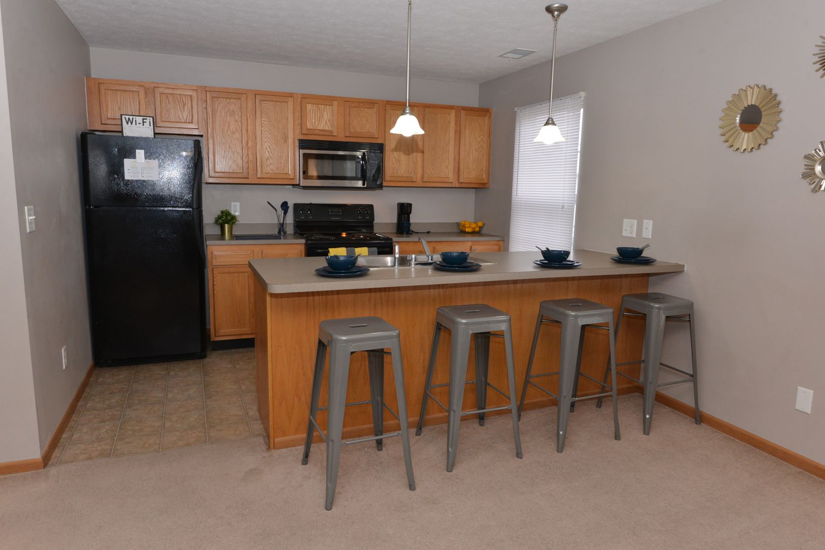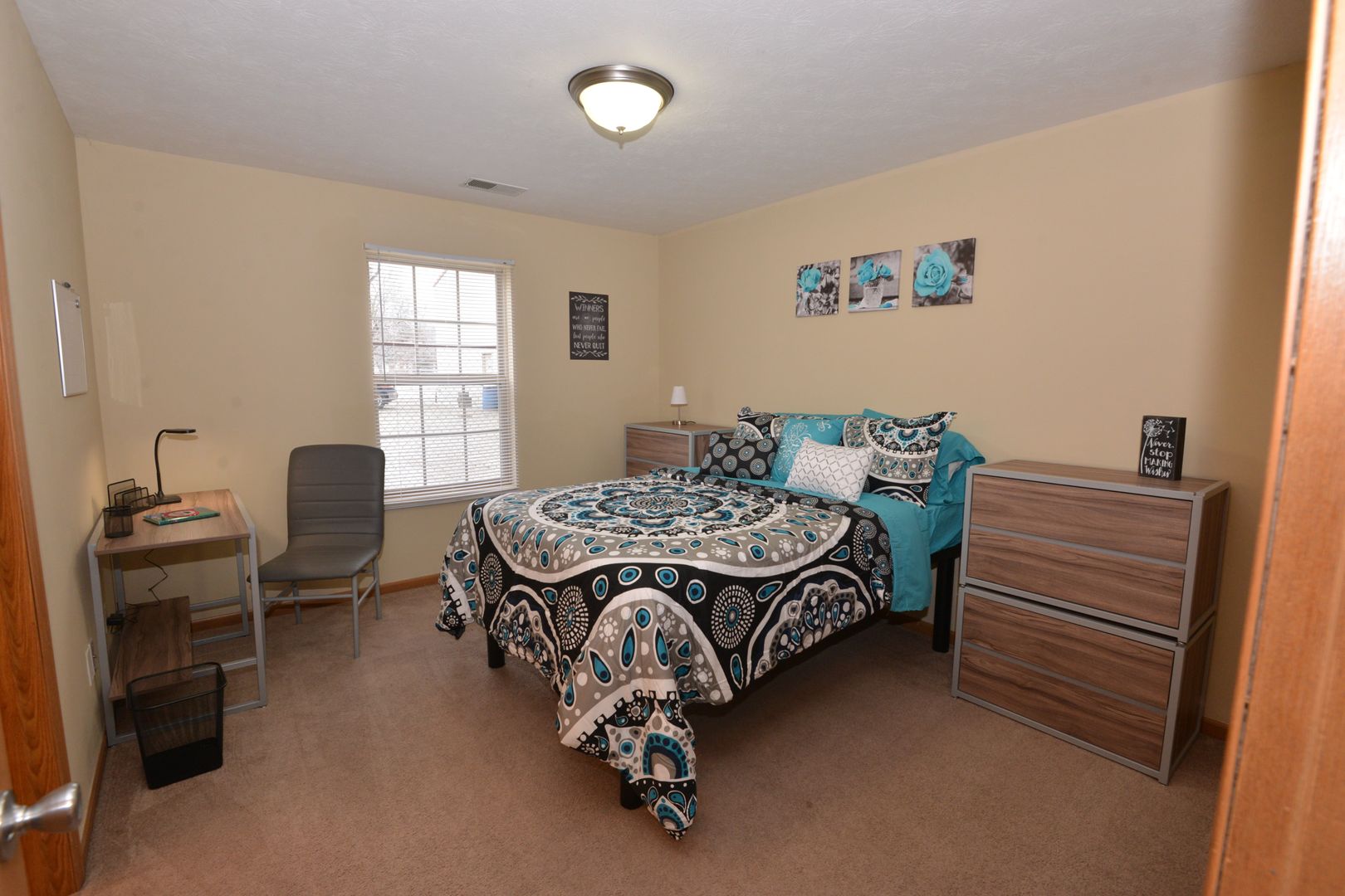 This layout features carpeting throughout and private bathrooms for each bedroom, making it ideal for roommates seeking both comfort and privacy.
================
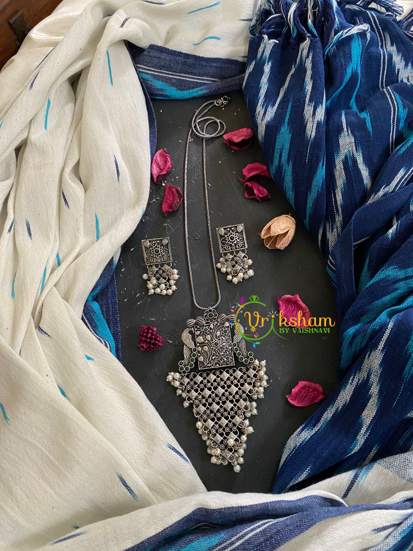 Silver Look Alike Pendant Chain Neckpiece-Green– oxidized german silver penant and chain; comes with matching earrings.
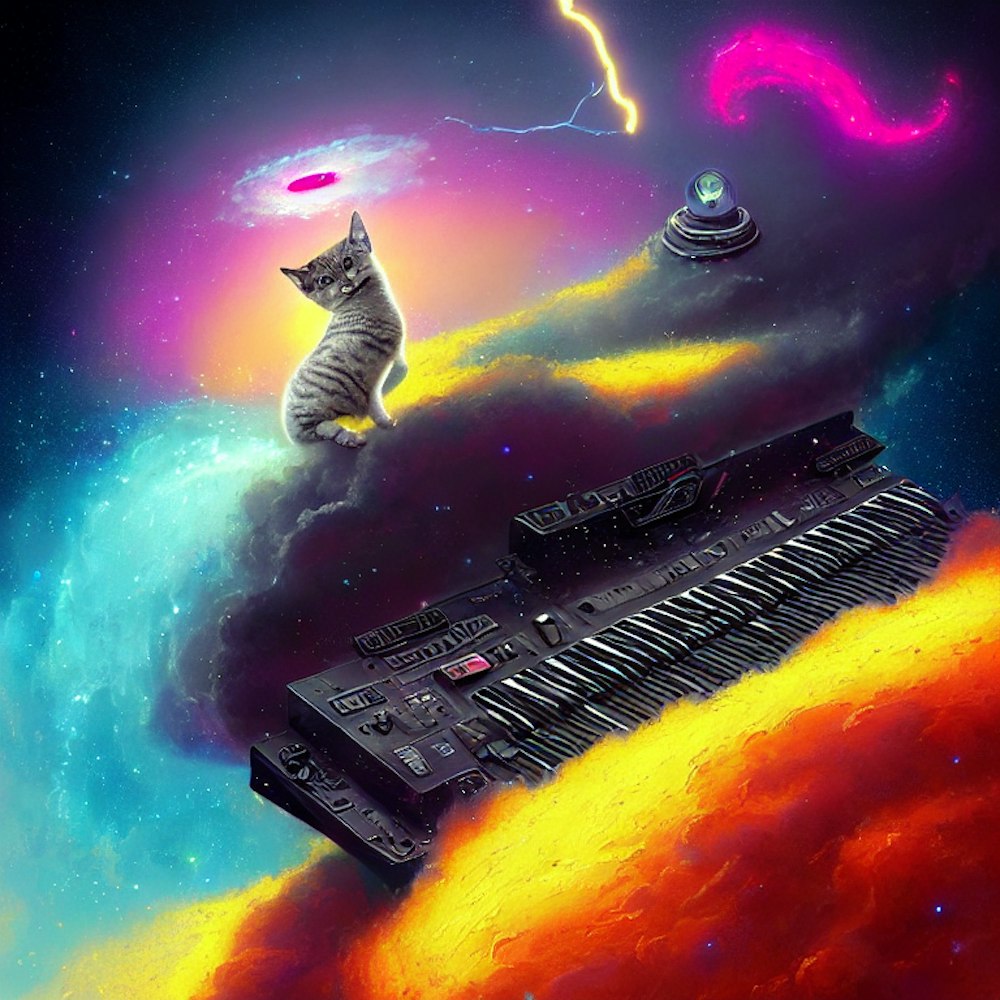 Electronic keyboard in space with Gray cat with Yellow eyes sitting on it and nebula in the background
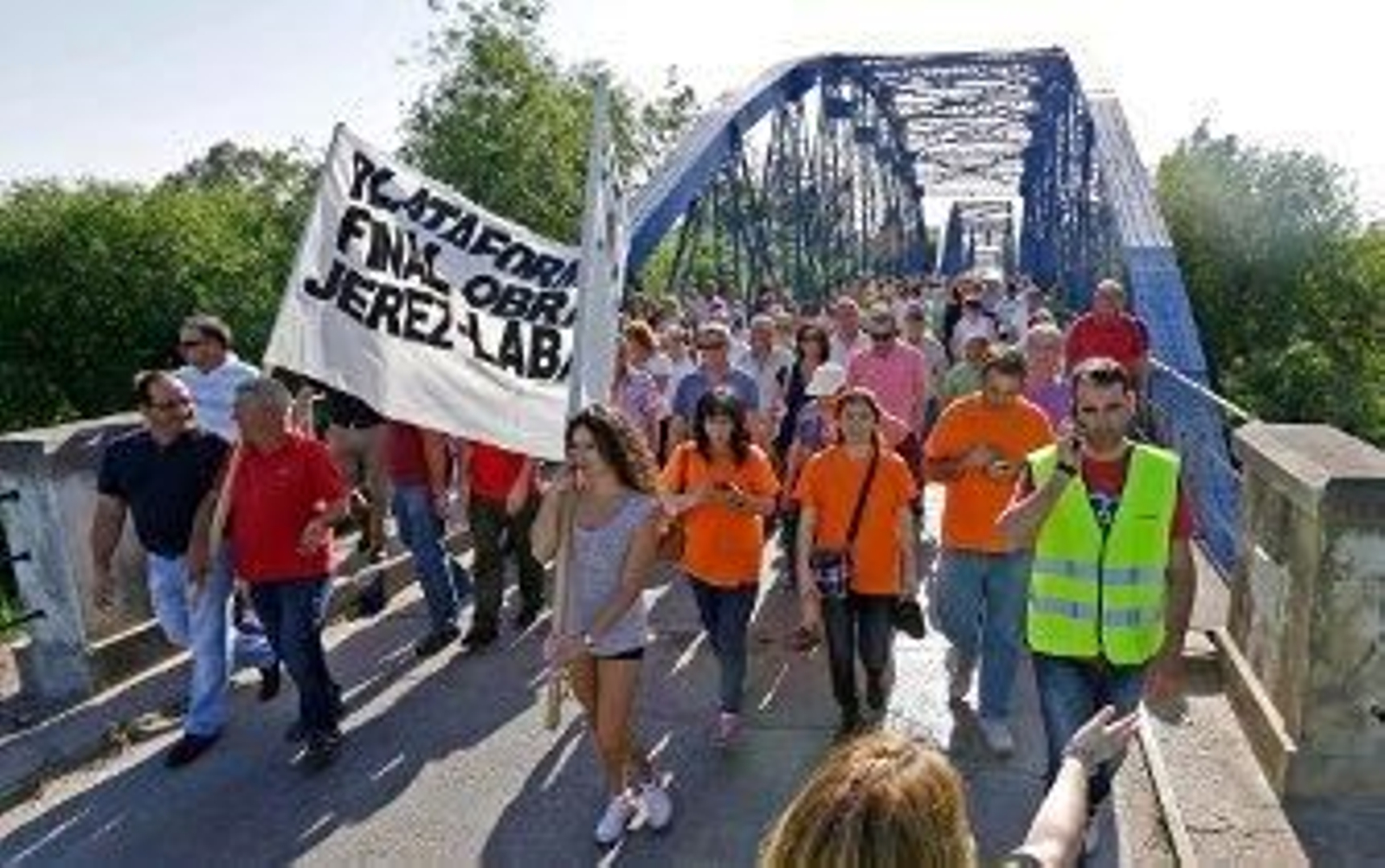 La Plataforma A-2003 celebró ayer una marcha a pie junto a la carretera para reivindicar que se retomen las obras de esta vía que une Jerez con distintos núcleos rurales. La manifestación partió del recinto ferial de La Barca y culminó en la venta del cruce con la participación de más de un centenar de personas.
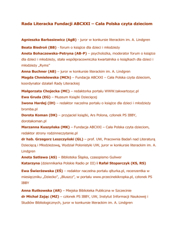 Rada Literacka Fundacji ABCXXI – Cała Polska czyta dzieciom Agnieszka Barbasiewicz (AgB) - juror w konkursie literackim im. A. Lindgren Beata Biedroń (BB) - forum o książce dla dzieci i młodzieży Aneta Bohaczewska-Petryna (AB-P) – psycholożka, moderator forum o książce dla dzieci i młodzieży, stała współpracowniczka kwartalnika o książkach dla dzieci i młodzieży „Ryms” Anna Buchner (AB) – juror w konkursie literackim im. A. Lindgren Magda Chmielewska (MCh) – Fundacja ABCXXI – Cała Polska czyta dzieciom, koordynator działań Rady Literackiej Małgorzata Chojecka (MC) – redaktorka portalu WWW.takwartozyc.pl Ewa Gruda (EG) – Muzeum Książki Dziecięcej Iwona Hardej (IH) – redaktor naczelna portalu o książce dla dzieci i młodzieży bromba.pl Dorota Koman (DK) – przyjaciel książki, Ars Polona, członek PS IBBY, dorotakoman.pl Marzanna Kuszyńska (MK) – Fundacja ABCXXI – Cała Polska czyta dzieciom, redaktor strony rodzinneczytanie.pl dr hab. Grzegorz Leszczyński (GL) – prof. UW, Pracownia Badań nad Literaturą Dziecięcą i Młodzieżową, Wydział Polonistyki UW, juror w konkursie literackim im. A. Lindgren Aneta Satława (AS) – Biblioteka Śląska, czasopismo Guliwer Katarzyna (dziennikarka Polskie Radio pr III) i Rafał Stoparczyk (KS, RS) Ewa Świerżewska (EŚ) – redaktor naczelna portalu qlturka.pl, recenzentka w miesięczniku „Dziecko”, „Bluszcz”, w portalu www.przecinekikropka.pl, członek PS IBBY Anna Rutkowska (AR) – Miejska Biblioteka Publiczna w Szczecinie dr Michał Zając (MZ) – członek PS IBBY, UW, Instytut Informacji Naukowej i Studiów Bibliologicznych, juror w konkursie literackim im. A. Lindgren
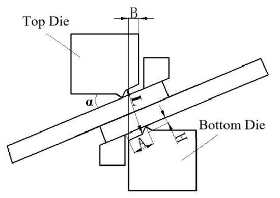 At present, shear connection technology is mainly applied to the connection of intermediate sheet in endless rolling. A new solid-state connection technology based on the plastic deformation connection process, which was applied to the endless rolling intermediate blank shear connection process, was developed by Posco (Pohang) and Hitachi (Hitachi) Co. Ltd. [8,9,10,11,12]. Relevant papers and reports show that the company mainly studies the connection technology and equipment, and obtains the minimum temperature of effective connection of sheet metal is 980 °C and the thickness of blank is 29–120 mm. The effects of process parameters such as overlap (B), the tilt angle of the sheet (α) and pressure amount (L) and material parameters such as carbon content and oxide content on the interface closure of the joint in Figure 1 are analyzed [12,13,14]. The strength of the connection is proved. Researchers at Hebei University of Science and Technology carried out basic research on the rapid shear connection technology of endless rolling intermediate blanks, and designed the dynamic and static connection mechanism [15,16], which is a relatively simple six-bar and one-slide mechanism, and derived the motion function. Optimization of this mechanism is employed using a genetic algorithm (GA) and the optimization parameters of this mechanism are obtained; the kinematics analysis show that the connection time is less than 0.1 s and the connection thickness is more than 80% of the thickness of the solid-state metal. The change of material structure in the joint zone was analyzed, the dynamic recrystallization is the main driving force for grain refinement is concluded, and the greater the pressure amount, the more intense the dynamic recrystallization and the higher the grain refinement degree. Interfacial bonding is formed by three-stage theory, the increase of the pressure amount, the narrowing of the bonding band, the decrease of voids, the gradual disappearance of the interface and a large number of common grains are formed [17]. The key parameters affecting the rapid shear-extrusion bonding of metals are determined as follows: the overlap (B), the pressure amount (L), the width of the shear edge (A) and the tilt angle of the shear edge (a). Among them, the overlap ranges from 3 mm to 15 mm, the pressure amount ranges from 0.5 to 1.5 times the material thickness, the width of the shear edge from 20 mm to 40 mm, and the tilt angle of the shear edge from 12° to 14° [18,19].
================
If a picture sits between the line containing "Electronic keyboard in" and the line containing "La Plataforma A-2003", leave it out, and return the lines of that range above exactly, both ends included.

 Electronic keyboard in space with Gray cat with Yellow eyes sitting on it and nebula in the background
 La Plataforma A-2003 celebró ayer una marcha a pie junto a la carretera para reivindicar que se retomen las obras de esta vía que une Jerez con distintos núcleos rurales. La manifestación partió del recinto ferial de La Barca y culminó en la venta del cruce con la participación de más de un centenar de personas.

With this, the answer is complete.